Goal of the exercise: The answer should hold only the lines from the beginning of the material through the one with "Bước 2: Sau", reproduced exactly and without pictures.

---------------

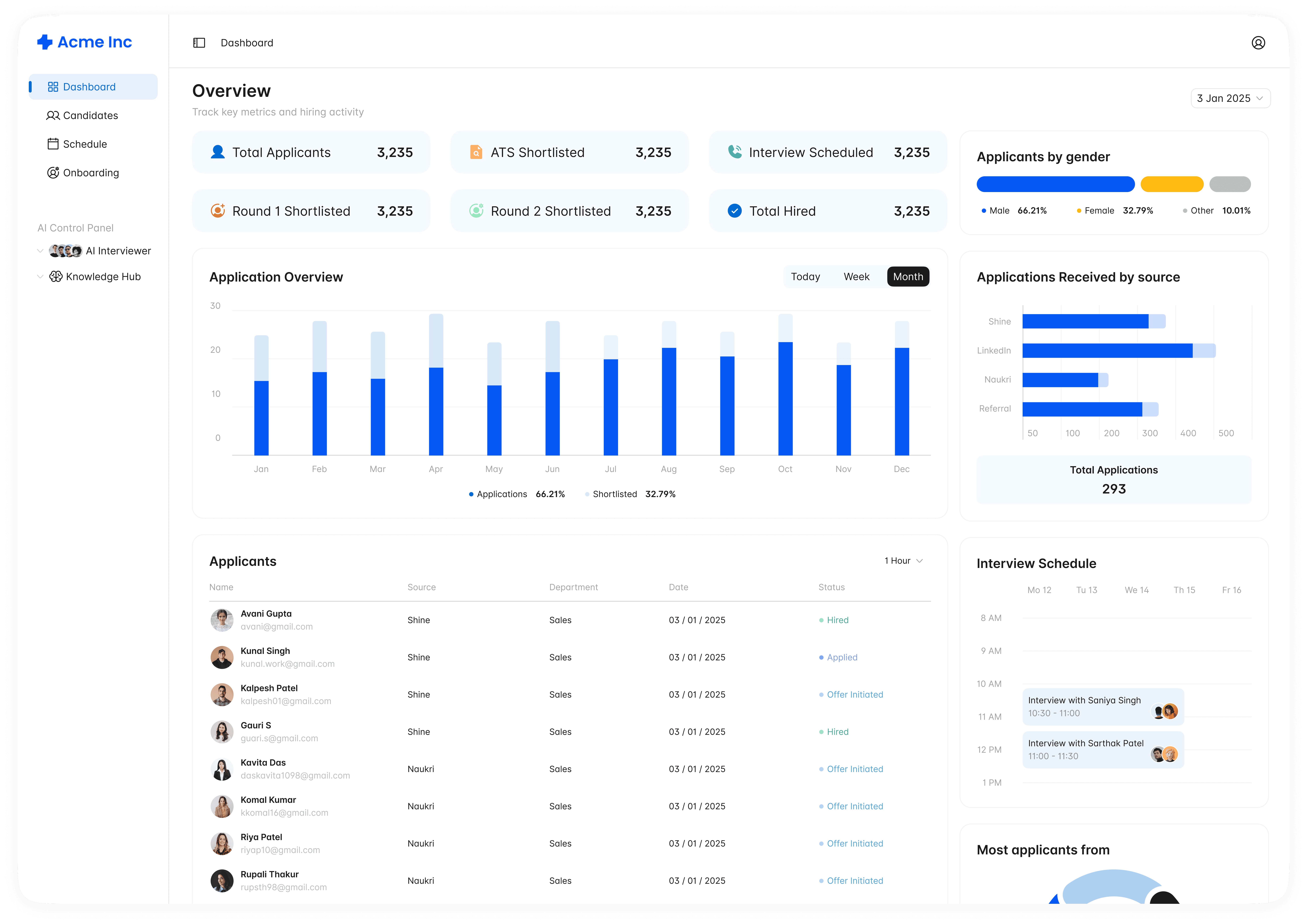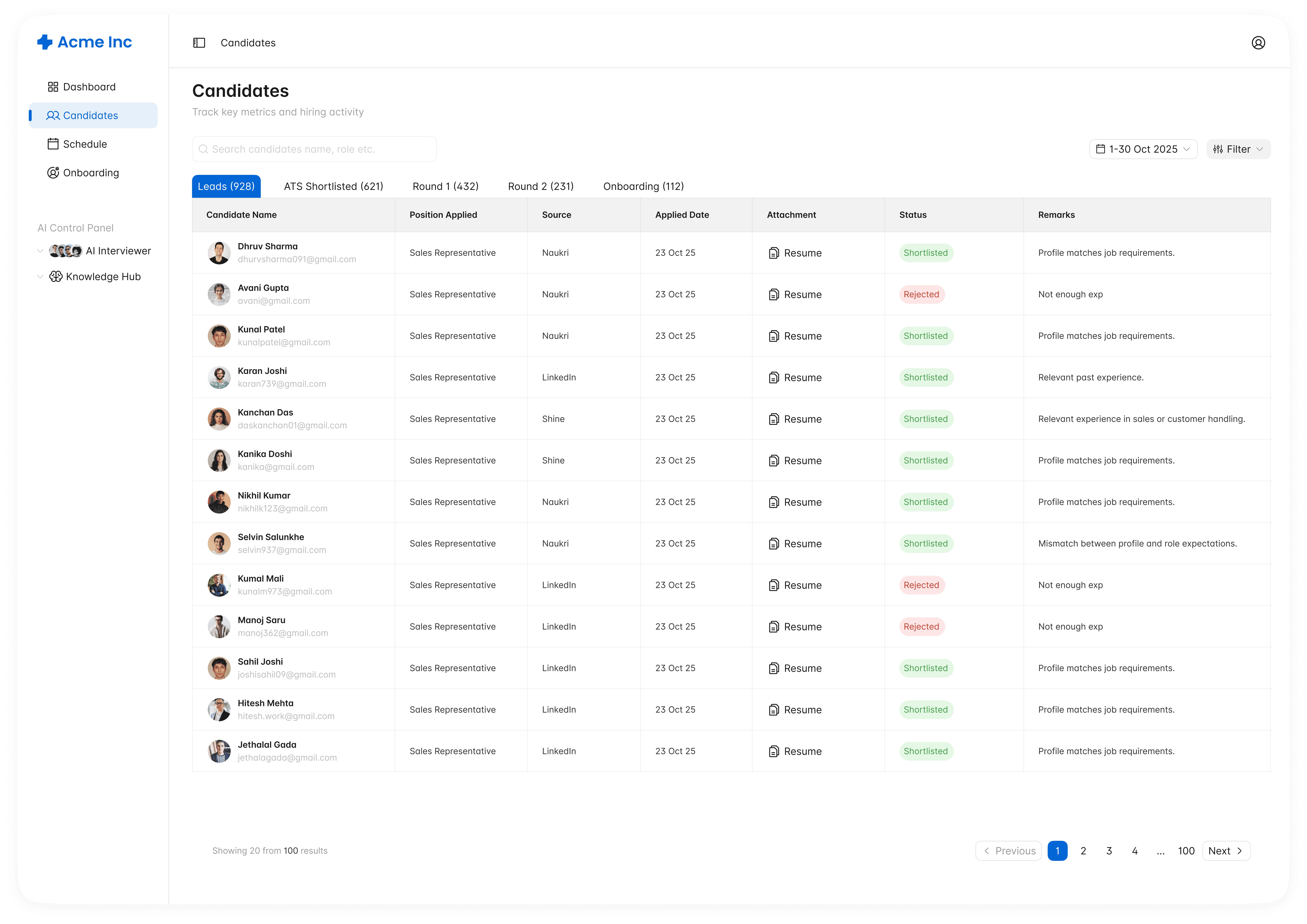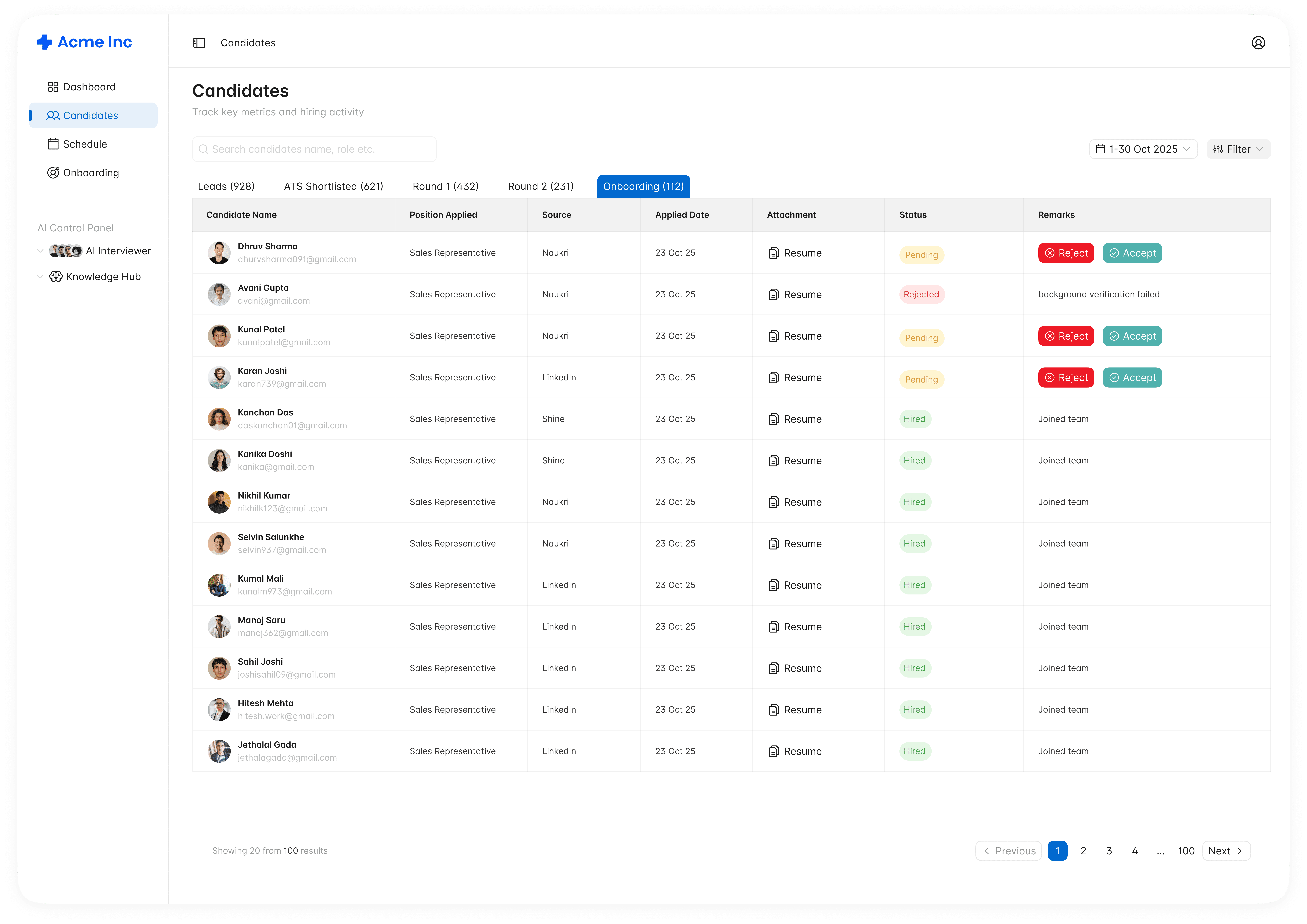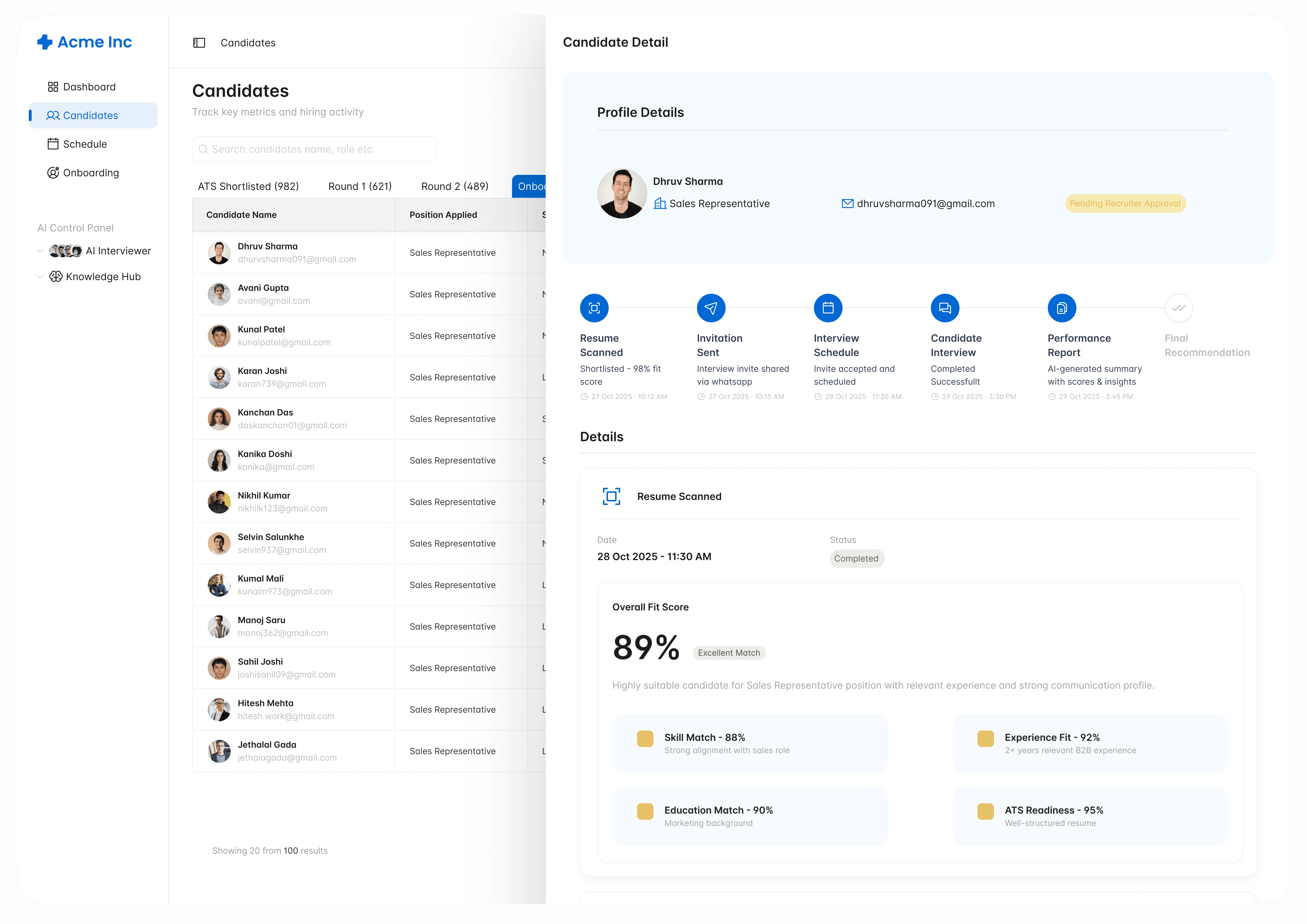 Gemma is your AI Interviewer built to evaluate, not just filter. She conducts structured interviews, designs custom assessments, and ranks candidates across multiple performance and behavioral parameters. Once a candidate clears her evaluation, she routes it for managerial approval and upon selection, crafts a personalized onboarding journey for them
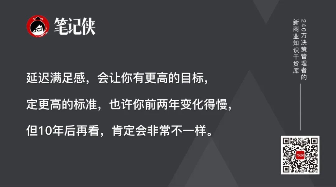 而延迟满足感,会让你有更高的目标,定更高的标准,也许你前两年变化得慢,但10年后再看,肯定会非常不一样。
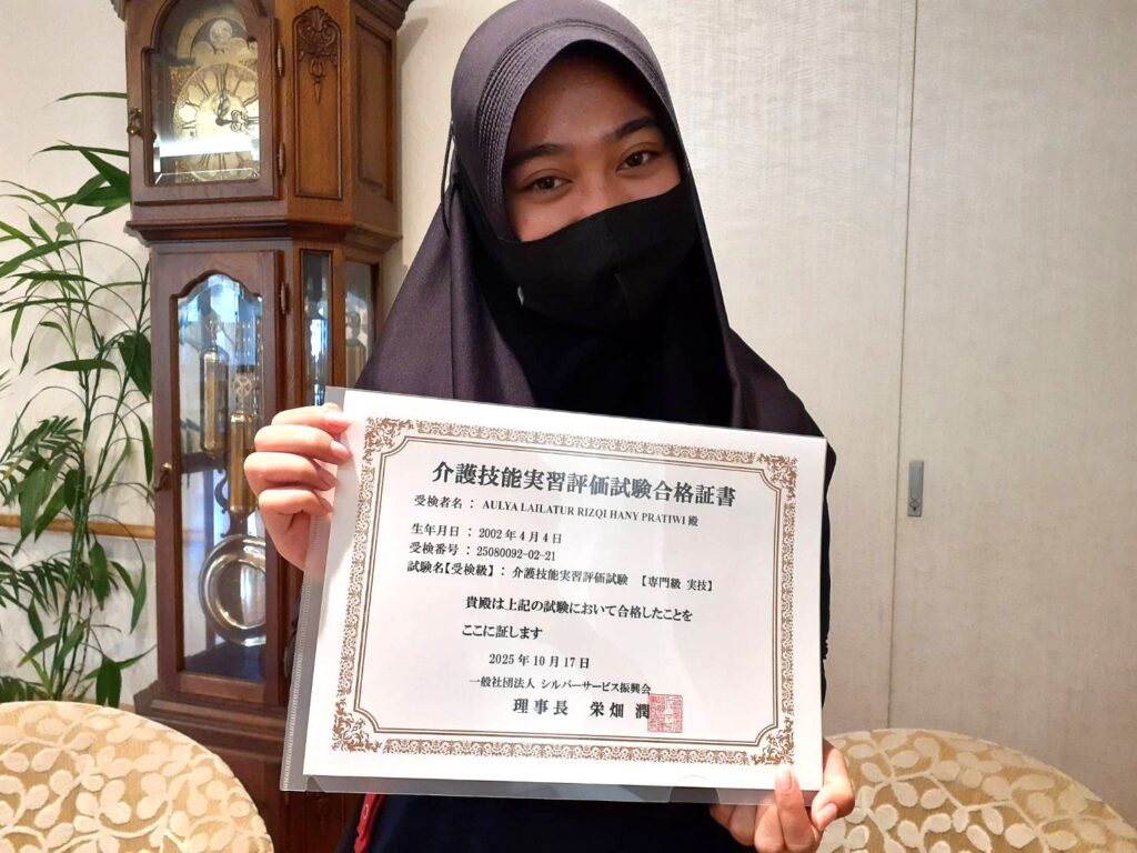 先月受けた介護技能実習評価試験【専門級】の合格証を手渡すと喜んでいました。前もって合格したことを伝えてありましたが、やはり実際の合格証を見ると嬉しさがこみ上げてくると思います。
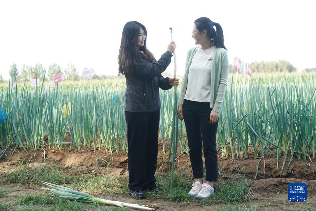9月20日,在北京市平谷區(qū)東高村鎮(zhèn)趙家務(wù)村大蔥種植基地,市民與大蔥比高度。
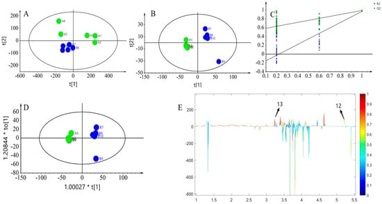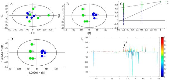 Multivariate analysis of the five yogurts before and after digestion at day 15: (A) cross-validated PCA score plot (R2X = 0.918, Q2 = 0.737); (B) cross-validated PLS-DA score plot (R2X = 0.7, Q2 = 0.901); (C) permutation experiment of PLS-DA model (number of permutations n = 200); (D) OPLS-DA score plot for yogurt (R2X = 0.7, Q2 = 0.902, p = 0.009); and (E) corresponding correlation coefficient loading plots (R2X = 0.72, Q2 = 0.933). The green circle represents the five groups of formulated yogurts on the 15th day, while the blue circle represents the digesta of five groups of yogurts after in vitro digestion on the 15th day.
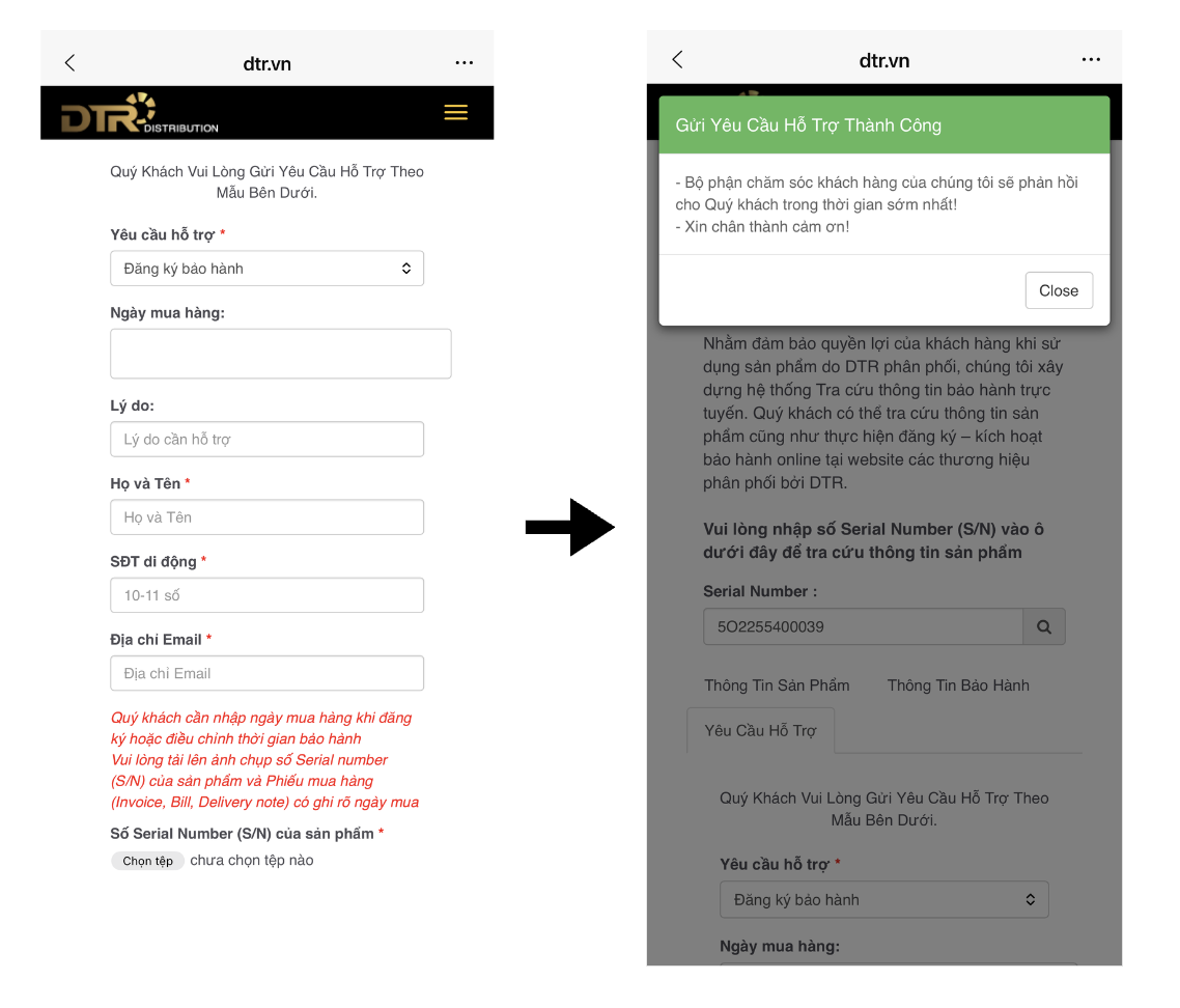 Bước 2: Sau khi quét mã QR code, hệ thống sẽ tự động dẫn bạn đến trang tra cứu và đăng ký bảo hành. Tại đây, mã Serial Number của sản phẩm sẽ được điền sẵn vào ô tra cứu thông tin.
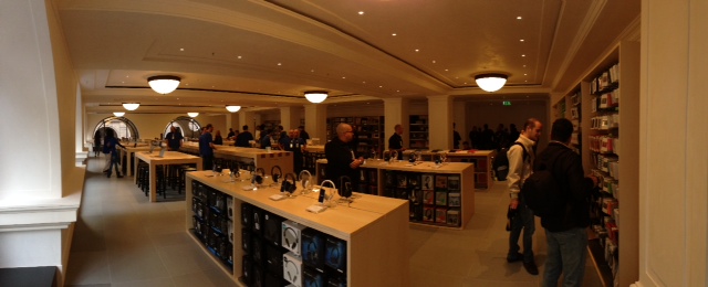 Ore 09:30 – La panoramica dall’interno dell’Apple Store è terminata. Si torna a piano terra, con un altra foto panoramica che abbiamo realizzato per voi. Lo Store è davvero bello e enorme!
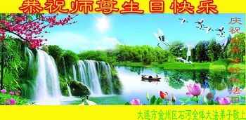 大法洪传苍宇间 艰辛历经万魔拦 正邪较量难阻挡 众生沉沦迷双眼 师尊慈悲声声唤 法徒助师不怕难 机缘难得莫错过 定随圣王返家园 辽宁省大连市金州区石河全体大法弟子恭祝师尊生日快乐!

---------------

Task answer:
 Gemma is your AI Interviewer built to evaluate, not just filter. She conducts structured interviews, designs custom assessments, and ranks candidates across multiple performance and behavioral parameters. Once a candidate clears her evaluation, she routes it for managerial approval and upon selection, crafts a personalized onboarding journey for them
 而延迟满足感,会让你有更高的目标,定更高的标准,也许你前两年变化得慢,但10年后再看,肯定会非常不一样。
 先月受けた介護技能実習評価試験【専門級】の合格証を手渡すと喜んでいました。前もって合格したことを伝えてありましたが、やはり実際の合格証を見ると嬉しさがこみ上げてくると思います。
9月20日,在北京市平谷區(qū)東高村鎮(zhèn)趙家務(wù)村大蔥種植基地,市民與大蔥比高度。
 Multivariate analysis of the five yogurts before and after digestion at day 15: (A) cross-validated PCA score plot (R2X = 0.918, Q2 = 0.737); (B) cross-validated PLS-DA score plot (R2X = 0.7, Q2 = 0.901); (C) permutation experiment of PLS-DA model (number of permutations n = 200); (D) OPLS-DA score plot for yogurt (R2X = 0.7, Q2 = 0.902, p = 0.009); and (E) corresponding correlation coefficient loading plots (R2X = 0.72, Q2 = 0.933). The green circle represents the five groups of formulated yogurts on the 15th day, while the blue circle represents the digesta of five groups of yogurts after in vitro digestion on the 15th day.
 Bước 2: Sau khi quét mã QR code, hệ thống sẽ tự động dẫn bạn đến trang tra cứu và đăng ký bảo hành. Tại đây, mã Serial Number của sản phẩm sẽ được điền sẵn vào ô tra cứu thông tin.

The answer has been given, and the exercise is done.